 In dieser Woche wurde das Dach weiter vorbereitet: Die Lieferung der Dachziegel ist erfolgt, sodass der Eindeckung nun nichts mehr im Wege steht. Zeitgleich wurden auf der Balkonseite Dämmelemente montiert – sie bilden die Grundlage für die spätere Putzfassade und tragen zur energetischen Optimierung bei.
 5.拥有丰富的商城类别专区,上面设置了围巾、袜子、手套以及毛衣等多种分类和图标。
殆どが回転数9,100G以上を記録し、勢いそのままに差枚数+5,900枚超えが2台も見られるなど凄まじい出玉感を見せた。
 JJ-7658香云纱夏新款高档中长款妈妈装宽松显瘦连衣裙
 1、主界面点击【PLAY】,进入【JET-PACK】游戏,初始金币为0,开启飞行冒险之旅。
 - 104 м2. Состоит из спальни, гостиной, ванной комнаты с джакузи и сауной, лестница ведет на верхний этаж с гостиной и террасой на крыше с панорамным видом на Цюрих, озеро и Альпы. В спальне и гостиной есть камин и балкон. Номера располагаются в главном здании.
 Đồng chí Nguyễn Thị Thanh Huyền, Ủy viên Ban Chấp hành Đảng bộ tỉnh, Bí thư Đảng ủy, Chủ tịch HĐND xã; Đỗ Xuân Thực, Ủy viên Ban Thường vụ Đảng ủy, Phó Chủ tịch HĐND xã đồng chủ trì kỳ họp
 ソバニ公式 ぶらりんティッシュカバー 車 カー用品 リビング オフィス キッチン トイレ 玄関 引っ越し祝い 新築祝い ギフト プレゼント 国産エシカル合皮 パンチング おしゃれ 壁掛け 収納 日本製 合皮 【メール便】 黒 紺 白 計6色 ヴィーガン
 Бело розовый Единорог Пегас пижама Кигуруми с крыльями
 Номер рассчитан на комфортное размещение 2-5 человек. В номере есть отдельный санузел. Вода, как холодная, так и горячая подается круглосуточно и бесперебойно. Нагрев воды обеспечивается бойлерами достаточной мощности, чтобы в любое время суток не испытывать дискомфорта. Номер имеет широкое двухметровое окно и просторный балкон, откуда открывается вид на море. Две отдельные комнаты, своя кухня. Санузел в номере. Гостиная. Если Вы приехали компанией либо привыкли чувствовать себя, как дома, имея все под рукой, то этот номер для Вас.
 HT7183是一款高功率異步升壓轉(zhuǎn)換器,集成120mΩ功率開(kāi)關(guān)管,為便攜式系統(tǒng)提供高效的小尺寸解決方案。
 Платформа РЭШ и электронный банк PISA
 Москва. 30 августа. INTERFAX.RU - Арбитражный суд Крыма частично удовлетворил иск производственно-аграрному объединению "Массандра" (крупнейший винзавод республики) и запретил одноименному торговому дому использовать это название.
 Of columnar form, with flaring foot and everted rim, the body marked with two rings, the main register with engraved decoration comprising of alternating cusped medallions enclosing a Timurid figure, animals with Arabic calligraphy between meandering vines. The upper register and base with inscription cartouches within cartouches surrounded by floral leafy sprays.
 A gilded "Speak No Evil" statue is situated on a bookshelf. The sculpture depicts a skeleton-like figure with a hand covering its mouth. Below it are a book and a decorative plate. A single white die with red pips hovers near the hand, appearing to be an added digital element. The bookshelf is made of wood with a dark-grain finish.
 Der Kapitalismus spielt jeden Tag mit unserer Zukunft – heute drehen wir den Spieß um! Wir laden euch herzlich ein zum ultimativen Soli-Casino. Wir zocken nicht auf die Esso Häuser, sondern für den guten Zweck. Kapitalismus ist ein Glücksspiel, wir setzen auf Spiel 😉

+++

What you give back must match the material exactly, beginning with its first line and ending with the line holding "1、主界面点击【PLAY】,进入【JET".

WRITTEN RESPONSE >>
 In dieser Woche wurde das Dach weiter vorbereitet: Die Lieferung der Dachziegel ist erfolgt, sodass der Eindeckung nun nichts mehr im Wege steht. Zeitgleich wurden auf der Balkonseite Dämmelemente montiert – sie bilden die Grundlage für die spätere Putzfassade und tragen zur energetischen Optimierung bei.
 5.拥有丰富的商城类别专区,上面设置了围巾、袜子、手套以及毛衣等多种分类和图标。
殆どが回転数9,100G以上を記録し、勢いそのままに差枚数+5,900枚超えが2台も見られるなど凄まじい出玉感を見せた。
 JJ-7658香云纱夏新款高档中长款妈妈装宽松显瘦连衣裙
 1、主界面点击【PLAY】,进入【JET-PACK】游戏,初始金币为0,开启飞行冒险之旅。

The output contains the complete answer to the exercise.